===== INPUT
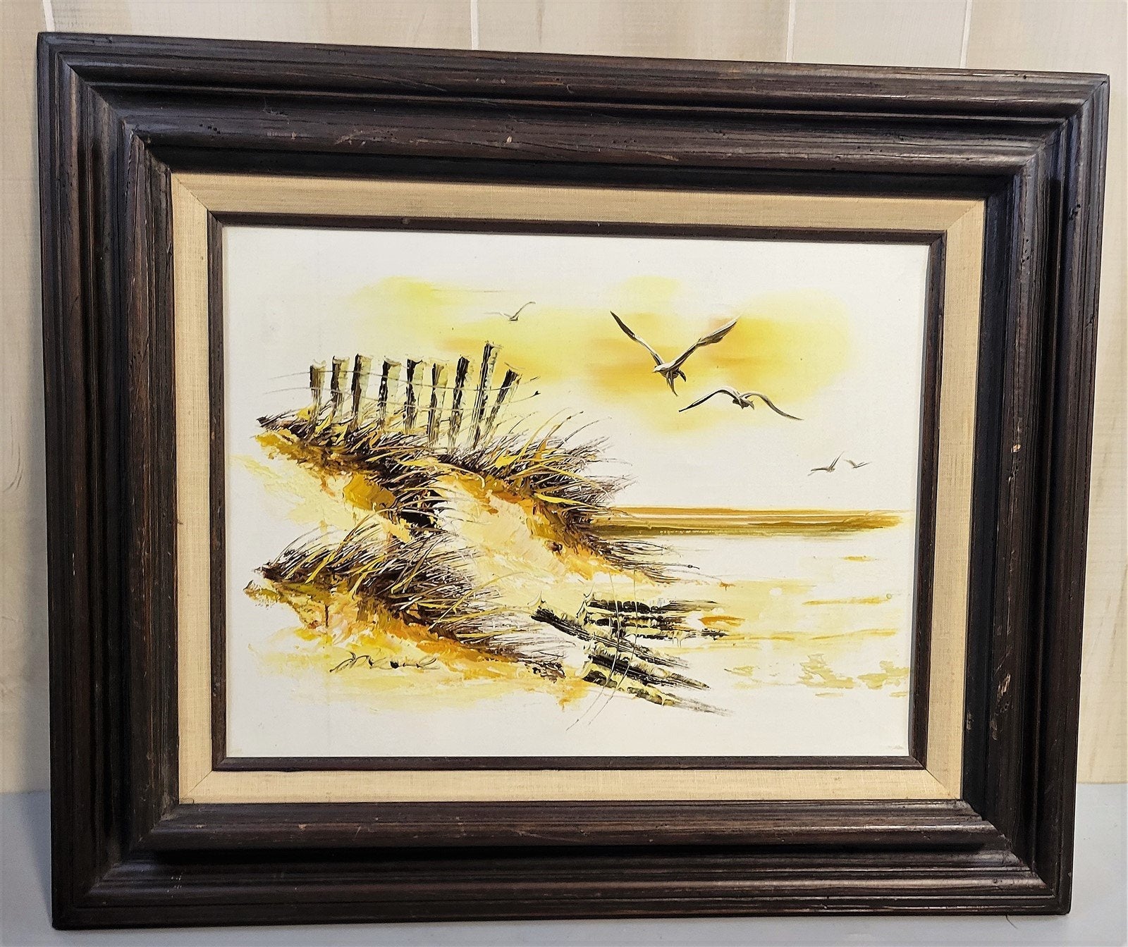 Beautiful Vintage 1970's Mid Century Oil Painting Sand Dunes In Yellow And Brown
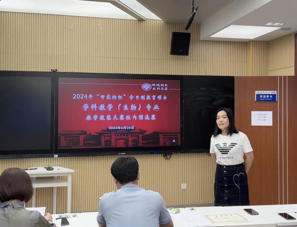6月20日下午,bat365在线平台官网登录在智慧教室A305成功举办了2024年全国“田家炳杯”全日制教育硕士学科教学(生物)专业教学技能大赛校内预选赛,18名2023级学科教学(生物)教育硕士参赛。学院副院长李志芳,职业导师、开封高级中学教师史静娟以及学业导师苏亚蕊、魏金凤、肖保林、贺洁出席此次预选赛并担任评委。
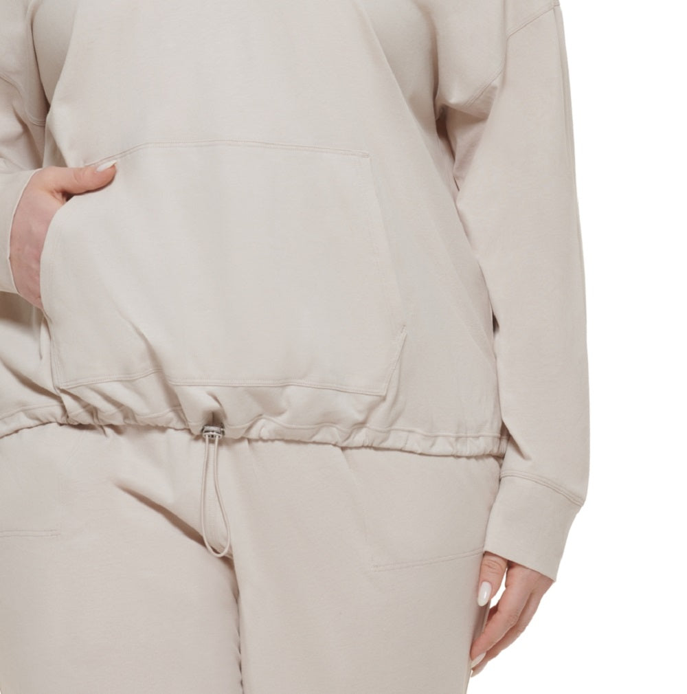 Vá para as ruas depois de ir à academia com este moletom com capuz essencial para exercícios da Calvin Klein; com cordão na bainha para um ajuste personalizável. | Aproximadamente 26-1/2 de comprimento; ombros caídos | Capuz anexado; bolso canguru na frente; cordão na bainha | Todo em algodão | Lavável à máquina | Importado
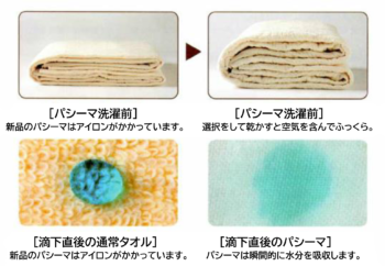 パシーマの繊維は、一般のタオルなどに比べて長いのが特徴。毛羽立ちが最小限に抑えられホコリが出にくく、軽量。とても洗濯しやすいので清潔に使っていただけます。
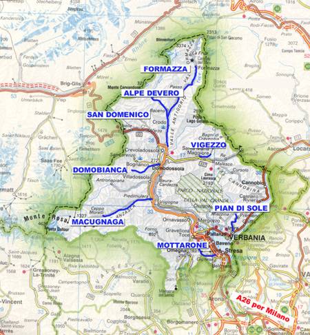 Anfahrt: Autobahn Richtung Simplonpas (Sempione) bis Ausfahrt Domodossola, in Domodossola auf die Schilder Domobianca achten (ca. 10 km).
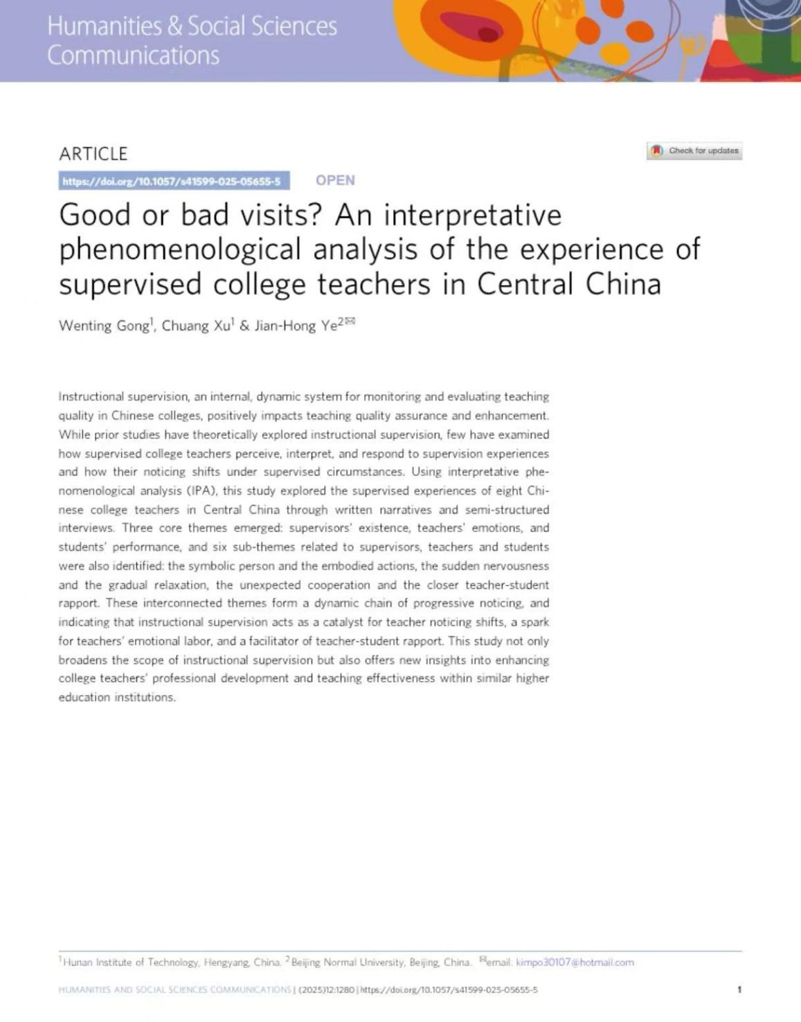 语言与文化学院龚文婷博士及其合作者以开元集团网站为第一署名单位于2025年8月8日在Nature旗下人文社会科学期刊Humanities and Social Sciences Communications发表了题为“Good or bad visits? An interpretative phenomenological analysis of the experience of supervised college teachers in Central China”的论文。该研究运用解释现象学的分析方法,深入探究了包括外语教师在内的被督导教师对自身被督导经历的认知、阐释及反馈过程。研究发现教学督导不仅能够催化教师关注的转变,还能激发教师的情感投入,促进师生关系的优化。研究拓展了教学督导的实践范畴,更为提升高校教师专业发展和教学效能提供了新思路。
==========
# EXERCISE REQUIREMENTS:
A word-for-word copy of the records is needed, one that contains no pictures.

# RESULT OF THE TASK:
 Beautiful Vintage 1970's Mid Century Oil Painting Sand Dunes In Yellow And Brown
6月20日下午,bat365在线平台官网登录在智慧教室A305成功举办了2024年全国“田家炳杯”全日制教育硕士学科教学(生物)专业教学技能大赛校内预选赛,18名2023级学科教学(生物)教育硕士参赛。学院副院长李志芳,职业导师、开封高级中学教师史静娟以及学业导师苏亚蕊、魏金凤、肖保林、贺洁出席此次预选赛并担任评委。
 Vá para as ruas depois de ir à academia com este moletom com capuz essencial para exercícios da Calvin Klein; com cordão na bainha para um ajuste personalizável. | Aproximadamente 26-1/2 de comprimento; ombros caídos | Capuz anexado; bolso canguru na frente; cordão na bainha | Todo em algodão | Lavável à máquina | Importado
 パシーマの繊維は、一般のタオルなどに比べて長いのが特徴。毛羽立ちが最小限に抑えられホコリが出にくく、軽量。とても洗濯しやすいので清潔に使っていただけます。
 Anfahrt: Autobahn Richtung Simplonpas (Sempione) bis Ausfahrt Domodossola, in Domodossola auf die Schilder Domobianca achten (ca. 10 km).
 语言与文化学院龚文婷博士及其合作者以开元集团网站为第一署名单位于2025年8月8日在Nature旗下人文社会科学期刊Humanities and Social Sciences Communications发表了题为“Good or bad visits? An interpretative phenomenological analysis of the experience of supervised college teachers in Central China”的论文。该研究运用解释现象学的分析方法,深入探究了包括外语教师在内的被督导教师对自身被督导经历的认知、阐释及反馈过程。研究发现教学督导不仅能够催化教师关注的转变,还能激发教师的情感投入,促进师生关系的优化。研究拓展了教学督导的实践范畴,更为提升高校教师专业发展和教学效能提供了新思路。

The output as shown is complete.